Introduction

Sudden cardiac death (SCD) is an uncommon yet devastating and unexpected conclusion of a cardiac condition previously unknown or overlooked. Among the various cardiac diseases on the basis of SCD, arrhythmogenic right ventricular cardiomyopathy (ARVC) may be frequently found, especially among young subjects. ARVC is defined as a cardiomyopathy characterized by a progressive fibrofatty infiltration/metaplasia of the ventricular walls causing dilatation, global or regional dysfunction acting as substrate for malignant arrhythmias and death, portending therefore a negative prognosis. Even though in the past years arrhythmogenic cardiomyopathy was considered to be more likely to affect the right ventricle, hence, the term ARVC, nowadays scientific evidence has described this pathophysiological phenomenon and its subsequent consequences in both ventricles or even isolated in the left one (this form often named as arrhythmogenic left ventricular cardiomyopathy, ALVC).

Given these premises and the psychosocial consequences of the loss of patients with ARVC, it is clear why over the last years scientific research is active on trying to identify diagnostic methods for an accurate and early identification of these patients. Moreover, the prognostic significance of these findings as wells as the ability to differentiate among various phenocopies are still necessary. Cardiac magnetic resonance (CMR) is universally recognized as the gold-standard non-invasive imaging technique in all patients with clinical suspicion of ARVC. CMR has a unique ability to adequately image both the left and right ventricle as well as accurately measure ventricular volumes and systolic function. Moreover, it provides detailed myocardial tissue characterization in terms of the presence and extent of fat infiltration and myocardial fibrosis by means of late gadolinium enhancement (LGE).

CMR and Echocardiography

CMR is a key diagnostic tool in the 2010 revised Task Force Criteria (TFC) both for the qualitative assessment of right ventricular (RV) regional wall motion abnormalities (RWMA) as well as for quantitative assessment of RV volumes and global systolic function quantification. Its value has been validated when compared with the TFC or genotype positive patients [1•]. Useful information may as well be obtained with different non-invasive imaging modalities such as echocardiography that is included as well in the TFC. Even though echocardiography is by all means a useful diagnostic technique given the low cost, availability and easiness in performance [2], some significant differences and limitations need to be acknowledged. Protonotarios et al. showed how in affected families with desmosome mutations, on the basis of the TFC, serial ECGs showed better diagnostic utility particularly in early stages than two-dimensional echocardiography [3•]. Moreover, the specific comparison of echocardiography versus CMR showed some interesting data. When the impact of the discrepancy between the 2 techniques on the clinical diagnosis of ARVC was evaluated, Borgquist et al. found how a significant proportion of patients with imaging-positive ARVC by CMR did not fulfil echocardiographic TFC criteria. The authors concluded that the subtle structural changes in the RV may not be reliably assessed by echocardiography and this should be reflected in the guidelines [4].
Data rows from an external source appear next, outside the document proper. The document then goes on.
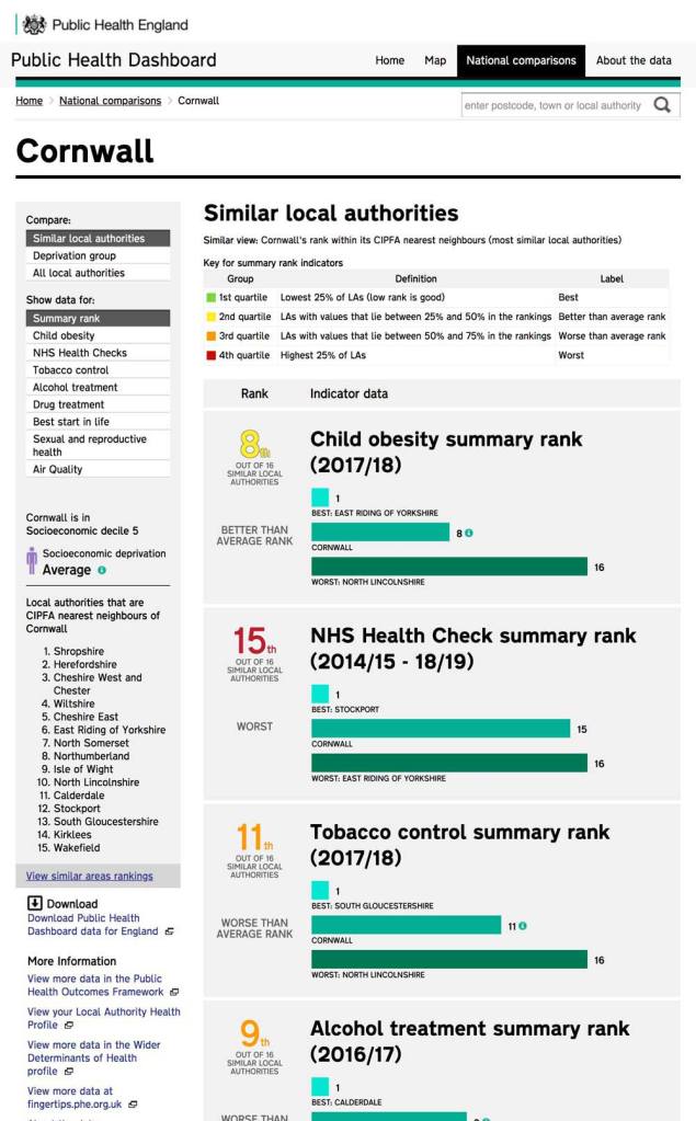 Dåligt exempel: The Public Health Dashboard är en statlig service som visar information över den allmänna hälsan på populationen i diverse län i Storbritannien. Syftet är, enligt organisationen som tagit fram den, att göra den här informationen tillgänglig för allmänheten. Trots detta använder de fackspråk och förkortningar som saknar datatips med förtydliganden. Här finns också många otydliga titlar och ingen möjlighet att klicka på dem för att få mer information. För att få reda på vad som faktiskt har mätts, måste man lämna dashboarden genom den lokala navigationen. Dashboarden är dessutom stor och kräver mycket scrollande – här finns det heller ingen möjlighet att anpassa eller koncentrera informationen.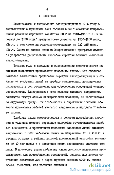 Глубокие вводы электроэнергии к центрам потребления нагрузок в условиях плотной городской застройки осуществляются наиболее экономично с применением подземных кабельных линий высокого напряжения. В СССР кабельные линии на напряжение НО и 220 кВ в крупных городах и районах плотной промышленной застройки возникли 30-40 лет назад и в настоящее время развиваются быстрыми темпами. В последнее время кабельные линии высокого напряжения проектируются для высвобождения территорий, занятых под полосы отчуждения воздушных ЛЭП в черте крупных городов СССР и, прежде всего, г.Москвы, для развития жилищного и гражданского строитель-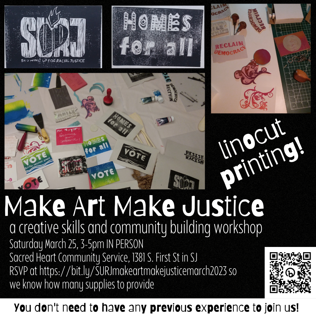 Make Art Make Justice is an ongoing series of community and creative skills building workshops. They are a great place to meet other SURJers, work alongside them, and learn new creative skills that we can use in our work to further racial justice locally. You don’t need to identify as an artist or craftsperson or creative to have a good time at these workshops. Please RSVP at https://bit.ly/SURJmakeartmakejusticemarch2023

Traditional and Novel CMR Techniques for ARVC Diagnosis

CMR has the ability to correct and reproducibly assess biventricular volumes and function [5] and to detect the localization, pattern and extent of fatty infiltration/metaplasia by routinely performed cine images [6] [7] or dedicated T1-weighted fast spin echo sequences. The usefulness of combining a functional CMR assessment with tissue characterization has been described and confirmed. When all possible CMR criteria are used, the best diagnostic accuracy (98%) may be achieved by the combined evaluation of any RV-RWMA (excluding hypokinesia) with any left ventricle (LV) or RV signal abnormality yielding a 100% specificity and 96% sensitivity [8•]. Moreover, and in the specific scenario of ARVC, LGE in the RV may be found in a significant number of patients, up to 67% [9]. The abovementioned findings on the additional diagnostic strength of tissue characterization have not been confirmed in paediatric patients. Etoom et al. [10] in their single-centre retrospective study on children and adolescents with ARVC concluded that CMR is important for diagnosis but without additional values of specific sequences for fatty infiltration and myocardial fibrosis. A possible explanation of these discordant findings between adult and paediatric populations are likely connected to the fact that in the abovementioned [10] study, tissue characterization findings were assessed and deemed not useful exclusively for the RV. It is known that RV is a few millimetre thick in adult patients and even more thinner in children. It is likely therefore that the lack of additional diagnostic information is due to the intrinsic limitations of the spatial resolution of CMR. By applying the same analysis in bigger hearts of adult subjects and by addressing tissue abnormalities also of the thicker LV, a cardiac pathological substrate is likely to be found more often.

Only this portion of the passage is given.